Re: Question: t/io_uring performance

Hans-Peter Lehmann <hans-peter.lehmann@xxxxxxx> · Wed, 1 Sep 2021 12:36:27 +0200

Sorry for the late reply.

Stupid question : what if you run two benchmarks, one per disk ?

I did a few measurements with different configurations below. (The numbers come from "iostat -hy 1 1" because t/io_uring only shows the per-process numbers. The iostat numbers are the same that t/io_uring shows when only running one instance)

Single t/io_uring process with one disk
==> 570k IOPS total (SSD1 = 570k IOPS, SSD2 = 0 IOPS)
Single t/io_uring process with both disks
==> 570k IOPS total (SSD1 = 290k IOPS, SSD2 = 280k IOPS
)

Two t/io_uring processes, both on the same disk
==> 785k IOPS total (SSD1 = 785k IOPS, SSD2 = 0 IOPS
)
Two t/io_uring processes, each on both disks
==> 1135k IOPS total (SSD1 = 570k IOPS, SSD2 = 565k IOPS
)
Two t/io_uring processes, one per disk
==> 1130k IOPS total (SSD1 = 565k IOPS, SSD2 = 565k IOPS
)

Three t/io_uring processes, each on both disks
==> 1570k IOPS total (SSD1 = 785k IOPS, SSD2 = 785k IOPS
)
Four t/io_uring processes, each on both disks

==> 1570k IOPS total (SSD1 = 785k IOPS, SSD2 = 785k IOPS)

So apparently, I need at least 3 cores to fully saturate the SSDs, while Jens can get similar total IOPS using only a single core. I couldn't find details about Jens' processor frequency but I would be surprised if he had ~3 times the frequency of ours (2.0 GHz base, 3.2 GHz boost).
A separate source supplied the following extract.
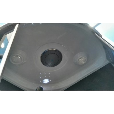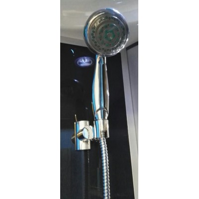 Акриловый поддон с сиденьем. Высота поддона (40 см). Слив располагается по центру левой стороны поддона. Металлический каркас жесткости поддона. Ножки поддона регулируемые, панель съемная. Сифон Кран для налива воды в поддон. Задняя стенка из стекла: чёрная. Передние стекла: тонированные. Стекло закаленное 5 мм. Профиль алюминиевый, матовый хром. Боковая и верхняя независимые подсветки. Вентиляция. Радио. Телефон (на входящие вызовы). Массажер ног. Душевая многофункциональная лейка. Верхний душ (тропический ливень) диаметр 23 см. Металлическая панель с регулируемыми гидромассажными форсунками (6 шт.) Спинка на центральной панели. Полочка для ванных принадлежностей. Зеркало.

If you want to run a single core benchmark, you should also ensure how the IRQs are pinned over the Cores and NUMA domains (even if it's a single socket CPU). 
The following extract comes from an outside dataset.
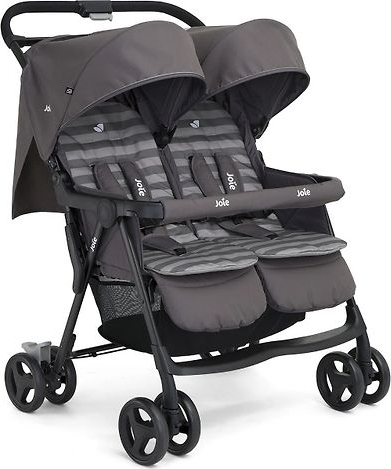 Коляски для близнецов Коляска для двойни Joie Aire Twin подходит для двоих детей от рождения до 15 кг. Легким и маневренным алюминиевым Aire Twin приятно управлять даже на узких улочках. В коляске также учтен комфорт пассажиров, так как все четыре колеса коляски амортизированы. Обе части сиденья можно регулировать независимо благодаря наклонной спинке, подъемной подставке для ног и регулируемым по высоте 5-точечным ремням безопасности. Выдвижной капюшон коляски с защитой UPF 50+ также имеет глазок. Легкую и прочную раму можно сложить для хранения одной рукой. Рамка

I pinned the interrupts of nvme0q0 and nvme1q0 to the core that runs t/io_uring but that does not change the IOPS. Assigning the other nvme related interrupts (like nvme1q42, listed in /proc/interrupts) fails. I think that happens because the kernel uses IRQD_AFFINITY_MANAGED and I would need to re-compile the kernel to change that. t/io_uring uses polled IO by default, so are the interrupts actually relevant in that case?

As a next step I will try upgrading the kernel, after all (even though I hoped to be able to reproduce Jens' measurements with the same kernel).

Thanks again
Hans-Peter Lehmann

Am 27.08.21 um 09:20 schrieb Erwan Velu:

Le 26/08/2021 à 17:57, Hans-Peter Lehmann a écrit :

[...]
Sorry, the P4510 SSDs each have 2 TB.

Ok so we could expect 640K each.

Please note that jens was using optane disks that have a lower latency than a 4510 but this doesn't explain your issue.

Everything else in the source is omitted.